Our results indicated that the strength and direction of the relationship between antecedent time spent foraging and probability of deferral was similar between populations, but the strength of relationships between probability of deferral and energy expenditure were different between populations. As predicted, more time foraging lowered the probability of breeding deferral. This likely indicates that more time spent foraging is related to greater resource reserves for breeding once geese arrive in the Arctic. We hypothesize that the negative relationship in probability of deferral and energy expenditure could be from geese meeting their energetic requirements and loafing in Iceland until moving to Greenland (Fox et al. 2012), and any birds that are still moving and foraging heavily have likely not acquired sufficient resources to breed. The increase in energy expenditure associated with higher deferral rates in midcontinent geese could be a result of disturbance preventing geese from obtaining necessary resources due to increased flight during stopovers (Béchet et al. 2004). Alternatively, the increased energy expenditure could be a result of difference in space use at stopovers, as other species show substantial individual variation in flight distance to foraging sites (Clausen et al. 2013). Midcontinent geese have been observed moving approximately 20 km per day between roost and feeding sites (Pearse et al. 2013). Consistently longer flight distances from roost sites to foraging areas could indicate poor decision making in individuals that could lead to subsequent reproductive failure due to a negative energy balance.

Our analyses did not identify any important time periods in which birds that deferred reproduction differed from those who attempted (or those that were successful vs failed in 2012–2013). While we emphasize the limitations in our ability to discern early failure (i.e., ≤ 3 days) from deferred breeding, which may be the result of different mechanisms, we observed breeding deferral in fewer than half of the geese in both populations, which was lower than expected for the Greenland geese given the declining population, though out of the males fitted with backpack devices, only 2 out of 15 returned to wintering areas with offspring. Therefore, we interpret our results to indicate that despite parental preparation, young are not surviving to be recruited into the population by the time geese return to wintering areas. Goslings are vulnerable to a variety of predators (Anthony et al. 1991; Bowman et al. 2004) and harsh weather (Fondell et al. 2008). Additionally, warming climates and early onset of spring can lead to increased mortality of offspring due to a mismatch between gosling growth and peak food quality, regardless of parent abilities to refuel after arriving in the Arctic (Lameris et al. 2018). Given the mismatch between the number of geese attempting reproduction and geese returning to wintering areas with offspring, we suggest investigation into rates of nest failure and brood loss in Greenland white-fronted geese to explain differences in productivity between these two populations.

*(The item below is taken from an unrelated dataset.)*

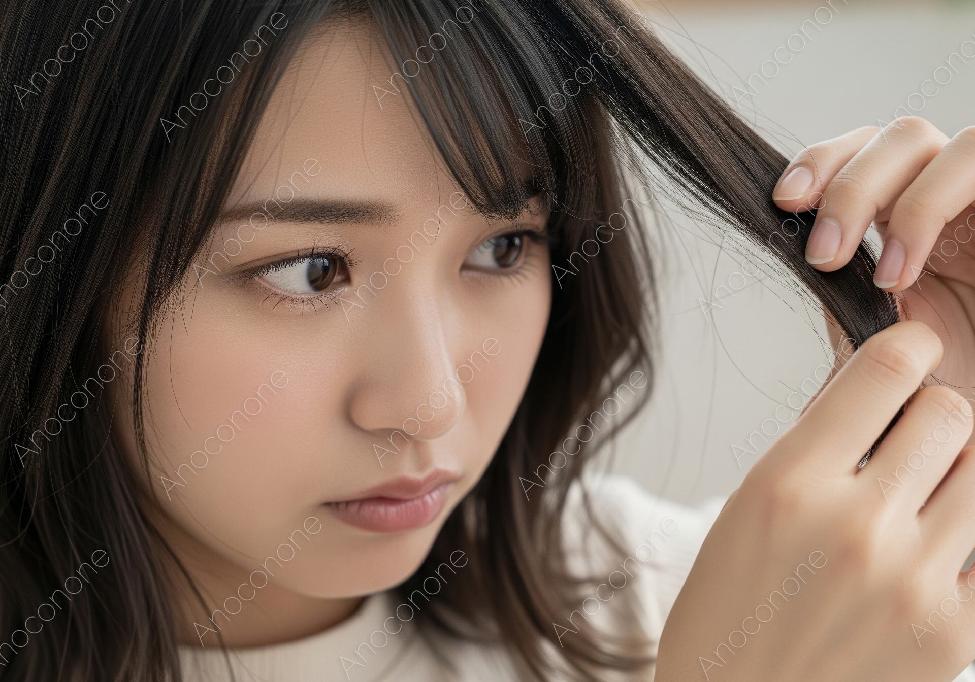 画像素材:室内の穏やかな光の中で、自分の髪を一房手に取り、毛先の状態を念入りにチェックしている女性のクローズアップです。指先で髪を細かく分け、ダメージやパサつきを確かめるような少し不安げで真剣な表情が、美髪への高い関心と日常的なヘアケアの重要性をリアルに物語っています。ナチュラルなベージュのトップスと、柔らかく波打つ黒髪の質感が、清潔感のある落ち着いた雰囲気を演出しています。被写体の視線が手元の毛先に集中しているため、見る側の意識も自然と「髪の健康状態」へと向く、訴求力の高い構図です。柔らかなライティングが、髪の一本一本のディテールや肌の透明感を丁寧に描写した高品質な一枚です。トリートメントやヘアオイルなどのヘアケア製品のプロモーション、サロンでの毛髪診断コンテンツ、ダメージケアをテーマにした美容ブログのアイキャッチなどに最適です。

Our study provides an initial example of blending temporally frequent ACC data with GPS data for birds of contrasting migration routes to uniquely quantify how individuals respond to their environment and the implications of individual behavioral patterns on reproduction. Inferences from tracking studies are commonly limited because of the relatively low number of individuals tagged. Yet, advances in miniaturized tracking technologies such as accelerometers allows for a substantial amount of information to be collected from each individual. The method demonstrated in this paper may increase our capacity to link animal behavior and individual reproductive output, as new methods are being derived for identifying reproductive events remotely (e.g., Schreven et al. 2021; Ozsanlav-Harris et al. 2022), with environmental conditions (Valletta et al. 2017) and consequences of climate change (e.g., Lameris et al. 2018). Further, these methods could be used in the context of varying landscapes to better understand linkages among behavior, environmental conditions, and reproductive success, allowing practitioners to pinpoint critical periods of the annual cycle to ascribe priority areas for improved conservation efforts.